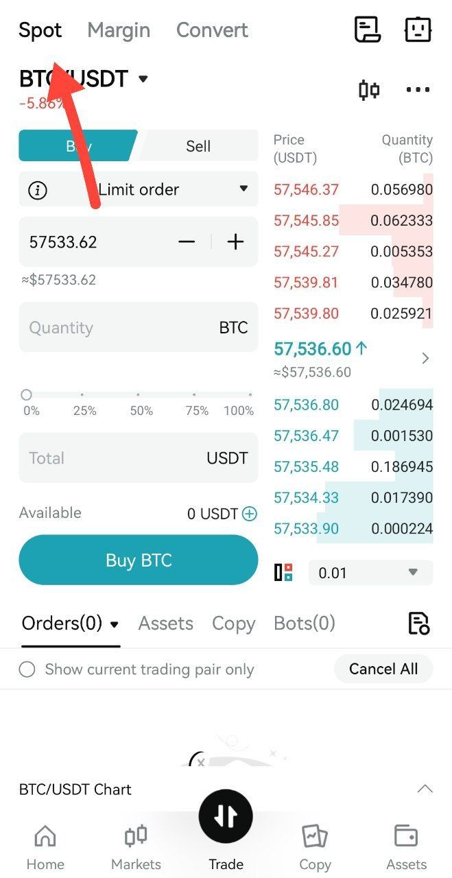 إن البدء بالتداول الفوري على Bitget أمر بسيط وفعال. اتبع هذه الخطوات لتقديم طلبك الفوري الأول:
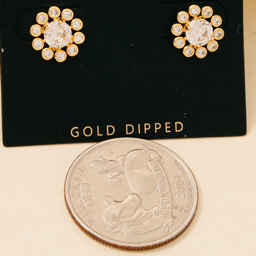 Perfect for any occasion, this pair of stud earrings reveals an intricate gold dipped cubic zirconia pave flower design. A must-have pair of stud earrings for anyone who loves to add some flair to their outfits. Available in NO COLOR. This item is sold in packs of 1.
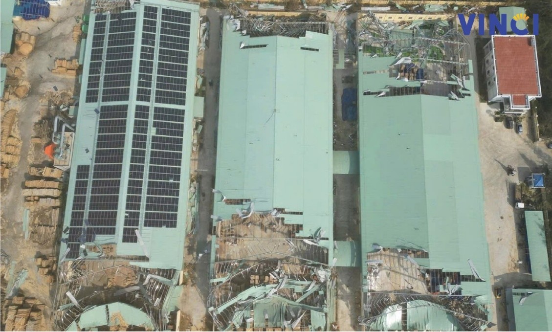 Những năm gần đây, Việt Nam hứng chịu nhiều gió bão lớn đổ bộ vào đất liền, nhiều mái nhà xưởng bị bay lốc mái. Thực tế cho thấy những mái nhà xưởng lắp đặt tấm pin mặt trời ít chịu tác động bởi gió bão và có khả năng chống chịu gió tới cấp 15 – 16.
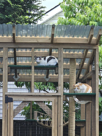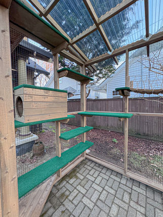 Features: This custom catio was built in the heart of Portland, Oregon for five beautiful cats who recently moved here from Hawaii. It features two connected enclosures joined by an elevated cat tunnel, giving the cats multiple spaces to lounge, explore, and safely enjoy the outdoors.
+++++
To do -> Copy the data above line for line, skipping every picture.

Task result ->
 إن البدء بالتداول الفوري على Bitget أمر بسيط وفعال. اتبع هذه الخطوات لتقديم طلبك الفوري الأول:
 Perfect for any occasion, this pair of stud earrings reveals an intricate gold dipped cubic zirconia pave flower design. A must-have pair of stud earrings for anyone who loves to add some flair to their outfits. Available in NO COLOR. This item is sold in packs of 1.
 Những năm gần đây, Việt Nam hứng chịu nhiều gió bão lớn đổ bộ vào đất liền, nhiều mái nhà xưởng bị bay lốc mái. Thực tế cho thấy những mái nhà xưởng lắp đặt tấm pin mặt trời ít chịu tác động bởi gió bão và có khả năng chống chịu gió tới cấp 15 – 16.
 Features: This custom catio was built in the heart of Portland, Oregon for five beautiful cats who recently moved here from Hawaii. It features two connected enclosures joined by an elevated cat tunnel, giving the cats multiple spaces to lounge, explore, and safely enjoy the outdoors.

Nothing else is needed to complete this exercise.